Más de 1.000 camiones cisterna cargados con combustibles líquidos permanecen retenidos en diferentes carreteras del país debido a los bloqueos instalados en rutas nacionales, lo que impide su llegada a la planta de almacenaje Senkata y afecta el abastecimiento en La Paz y El Alto.

Así lo informó este miércoles el gerente de Comercialización de Yacimientos Petrolíferos Fiscales Bolivianos (YPFB), Fernando Cuevas, quien aclaró que la planta de Senkata se encuentra completamente despejada y operando con normalidad.

“La planta Senkata está libre de bloqueos. El problema se encuentra en las carreteras, donde más de 1.000 cisternas no pueden llegar a destino. Esta situación continúa generando filas en las estaciones de servicio de La Paz y El Alto”, explicó.

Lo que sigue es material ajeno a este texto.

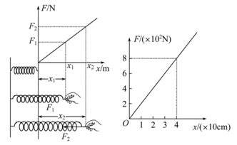C.当弹簧受F2="800" N的拉力作用时,弹簧伸长量为x2=40 cm
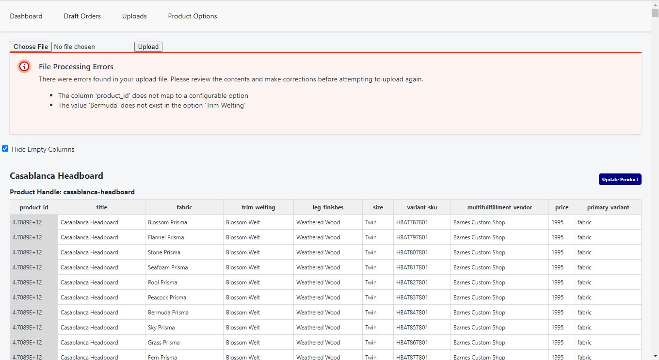 Update product imports are used to update an existing product. These imports will change the information stored for the product in the oomph Product Engine application and the Shopify storefront. Update files must include existing configuration information from the oomph Product Engine, so it is highly recommended to keep a living document for a product so you can add to it and change options later. In the event you do not have such a document from an existing product, one can be created from the Product Editor.

Los bloqueos afectan tanto el ingreso de combustibles importados como la salida de carburantes destinados a las estaciones de servicio. También dificultan el transporte de etanol hacia la planta de almacenaje.

Pese a estas restricciones, YPFB aseguró que mantiene operativos logísticos alternativos para sostener el suministro. Los volúmenes que logran llegar por rutas habilitadas son despachados mediante medidas temporales destinadas a optimizar la distribución y atender la demanda de la población.

Cuevas hizo un llamado a los sectores movilizados para permitir el tránsito de las cisternas y evitar mayores perjuicios en el abastecimiento de combustibles.

“Los bloqueos generan retrasos en la logística de distribución y comercialización de combustibles hacia las estaciones de servicio de La Paz, El Alto y las provincias del departamento”, señaló.

Según YPFB, las restricciones en las carreteras reducen de manera sostenida el flujo de cisternas, dificultando la recepción, el despacho y la reposición oportuna de combustibles en los distintos puntos de distribución.